#### Input data
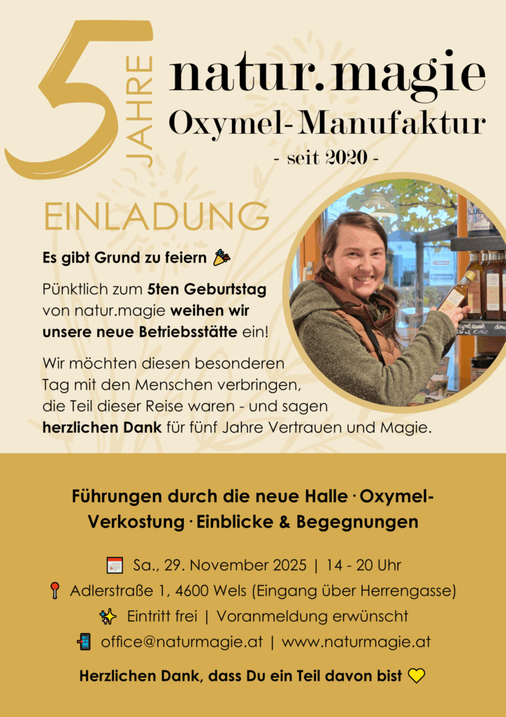 Es gibt Momente, in denen sich das Herz mit Dankbarkeit füllt – und dieser gehört dazu. Fünf Jahre natur.magie. Fünf Jahre voller goldener Tropfen, duftender Kräuter und Begegnungen mit Menschen, die an das Gute, das Echte und das Handgemachte glauben.
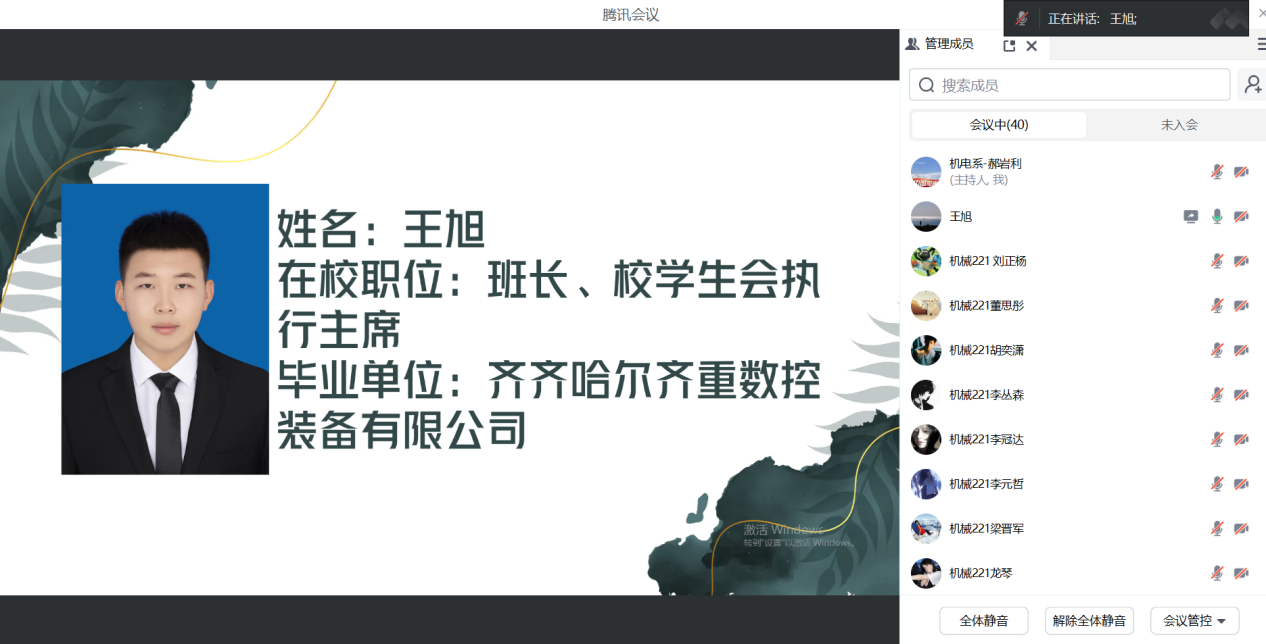 王旭在校期间表现优秀,曾担任班长及校学生会执行主席等职务。毕业后入职齐齐哈尔齐重数控装备有限公司。
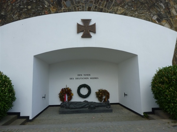 Seit der Bundesgartenschau vor wenigen Jahren ist das Vorfeld der Festung Ehrenbreitstein, die wir jetzt ansteuern, mustergültig hergerichtet und immer noch gut in Schuß. Toll ist auch die begehbare Aussichtsplattform, von der man einen schönen Blick auf die Stadt Koblenz und das Rheintal hat. Leider muß man seit einigen Jahren Eintritt zum Betreten der Festung berappen, wir aber werden verschont und dürfen deren Schönheit für „umme“ genießen. Ja, wirklich Schönheit, denn man hat gewaltige Summen verbaut, um die riesige Anlage wieder herzurichten. Daß sie als Hauptwerk der ehemaligen Festung Koblenz überhaupt noch vorhanden und der Schleifung aufgrund des Versailler Vertrages entging, ist nur Glück und ihrer schon zum damaligen Zeitpunkt militärischen Bedeutungslosigkeit zu verdanken. Heute können wir froh darüber sein, denn sie ist ein echter Publikumsmagnet.
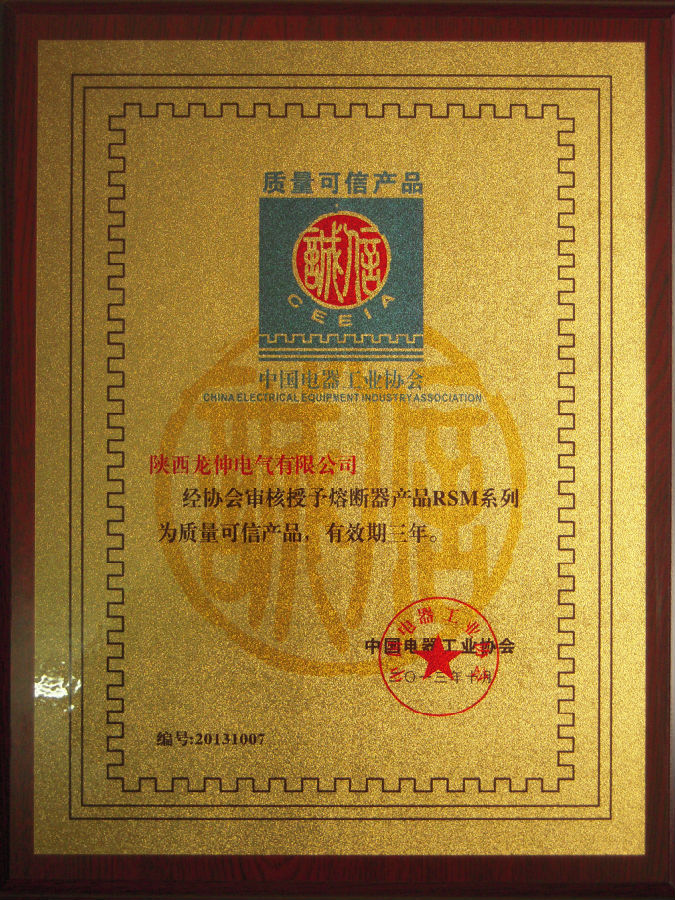 我公司参加了中国电器工业协会变频器分会组织的“关于高、低压变频器、软启动器、伺服驱动器及相关辅件产品的‘质量可信产品’推介工作”,通过中国电器工业协会专家小组的初审与复审,最终我公司产品被评为《质量可信产品》,获得“质量可信产品” 证书,我公司将努力成为行业诚信的模范,不断加强技术创新和质量管理,并且接受协会的追踪式监督和管理,做值得信赖的民族品牌熔断器制造商!

#### Instructions to follow
Lines from the one containing "Seit der Bundesgartenschau" through the end of the material above must be reproduced exactly; pictures must not be.

#### Exercise result
 Seit der Bundesgartenschau vor wenigen Jahren ist das Vorfeld der Festung Ehrenbreitstein, die wir jetzt ansteuern, mustergültig hergerichtet und immer noch gut in Schuß. Toll ist auch die begehbare Aussichtsplattform, von der man einen schönen Blick auf die Stadt Koblenz und das Rheintal hat. Leider muß man seit einigen Jahren Eintritt zum Betreten der Festung berappen, wir aber werden verschont und dürfen deren Schönheit für „umme“ genießen. Ja, wirklich Schönheit, denn man hat gewaltige Summen verbaut, um die riesige Anlage wieder herzurichten. Daß sie als Hauptwerk der ehemaligen Festung Koblenz überhaupt noch vorhanden und der Schleifung aufgrund des Versailler Vertrages entging, ist nur Glück und ihrer schon zum damaligen Zeitpunkt militärischen Bedeutungslosigkeit zu verdanken. Heute können wir froh darüber sein, denn sie ist ein echter Publikumsmagnet.
 我公司参加了中国电器工业协会变频器分会组织的“关于高、低压变频器、软启动器、伺服驱动器及相关辅件产品的‘质量可信产品’推介工作”,通过中国电器工业协会专家小组的初审与复审,最终我公司产品被评为《质量可信产品》,获得“质量可信产品” 证书,我公司将努力成为行业诚信的模范,不断加强技术创新和质量管理,并且接受协会的追踪式监督和管理,做值得信赖的民族品牌熔断器制造商!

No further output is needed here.